## Record extracts
↓
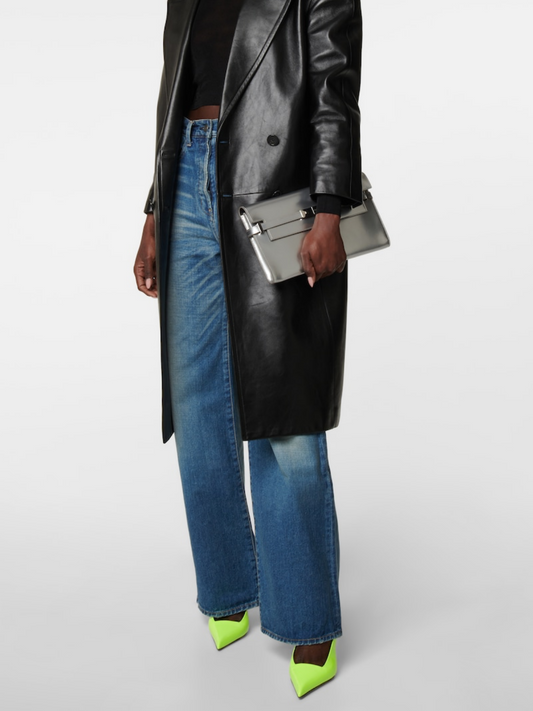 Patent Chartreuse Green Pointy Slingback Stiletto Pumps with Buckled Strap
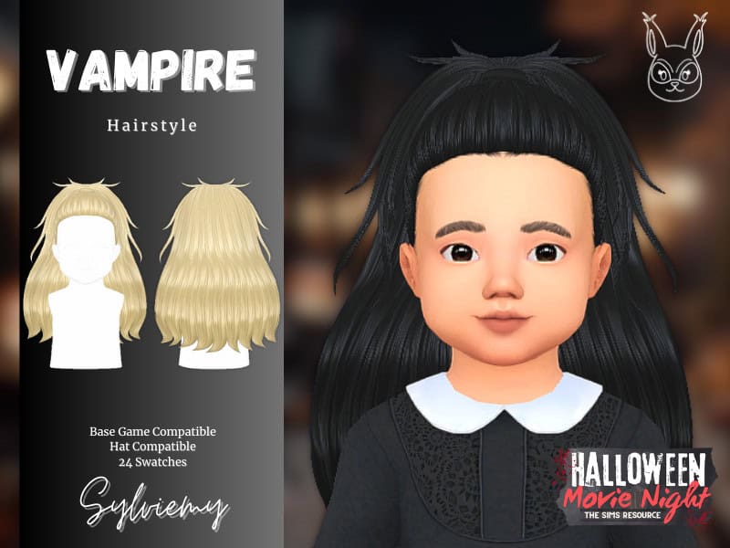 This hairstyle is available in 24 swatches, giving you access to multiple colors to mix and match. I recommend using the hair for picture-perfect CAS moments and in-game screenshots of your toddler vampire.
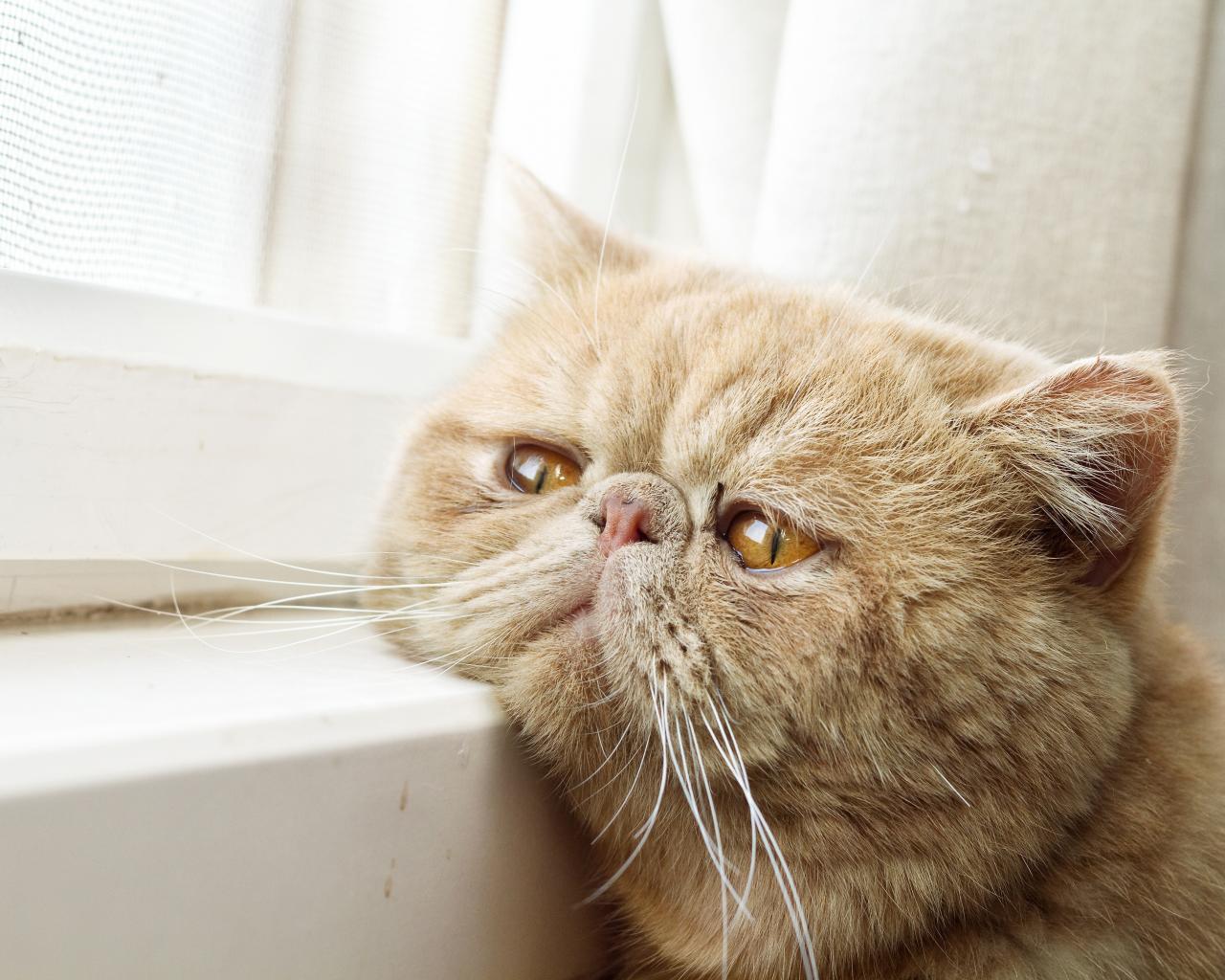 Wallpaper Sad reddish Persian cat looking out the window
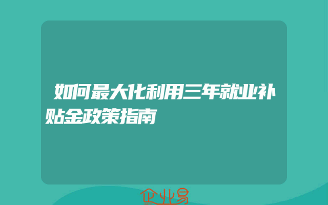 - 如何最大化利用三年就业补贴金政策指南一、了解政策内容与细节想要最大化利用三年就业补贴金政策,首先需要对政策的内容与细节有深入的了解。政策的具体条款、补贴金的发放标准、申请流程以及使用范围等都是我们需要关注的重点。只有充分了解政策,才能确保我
↑
↓
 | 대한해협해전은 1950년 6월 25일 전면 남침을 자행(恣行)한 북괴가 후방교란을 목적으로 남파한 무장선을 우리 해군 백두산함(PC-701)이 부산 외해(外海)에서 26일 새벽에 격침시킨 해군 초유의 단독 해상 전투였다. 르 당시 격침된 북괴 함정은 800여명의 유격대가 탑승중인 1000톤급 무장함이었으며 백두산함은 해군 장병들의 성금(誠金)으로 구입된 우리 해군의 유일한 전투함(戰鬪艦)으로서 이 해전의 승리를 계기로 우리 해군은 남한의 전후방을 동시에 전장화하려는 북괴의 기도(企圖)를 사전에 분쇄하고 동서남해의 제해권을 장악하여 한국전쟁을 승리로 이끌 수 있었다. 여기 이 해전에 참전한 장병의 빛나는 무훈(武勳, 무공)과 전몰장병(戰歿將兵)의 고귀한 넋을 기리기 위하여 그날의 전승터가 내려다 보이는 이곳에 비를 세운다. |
↑
↓
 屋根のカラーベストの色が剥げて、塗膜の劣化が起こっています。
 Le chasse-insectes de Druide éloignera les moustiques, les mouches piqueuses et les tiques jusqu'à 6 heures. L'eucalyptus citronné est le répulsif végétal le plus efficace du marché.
↑
## What this task involves
Look above for the line with "This hairstyle is"; quote it and every line after it, stopping after the line with "- 如何最大化利用三年就业补", exactly, with nothing added and without pictures.

## Your response
 This hairstyle is available in 24 swatches, giving you access to multiple colors to mix and match. I recommend using the hair for picture-perfect CAS moments and in-game screenshots of your toddler vampire.
 Wallpaper Sad reddish Persian cat looking out the window
 - 如何最大化利用三年就业补贴金政策指南一、了解政策内容与细节想要最大化利用三年就业补贴金政策,首先需要对政策的内容与细节有深入的了解。政策的具体条款、补贴金的发放标准、申请流程以及使用范围等都是我们需要关注的重点。只有充分了解政策,才能确保我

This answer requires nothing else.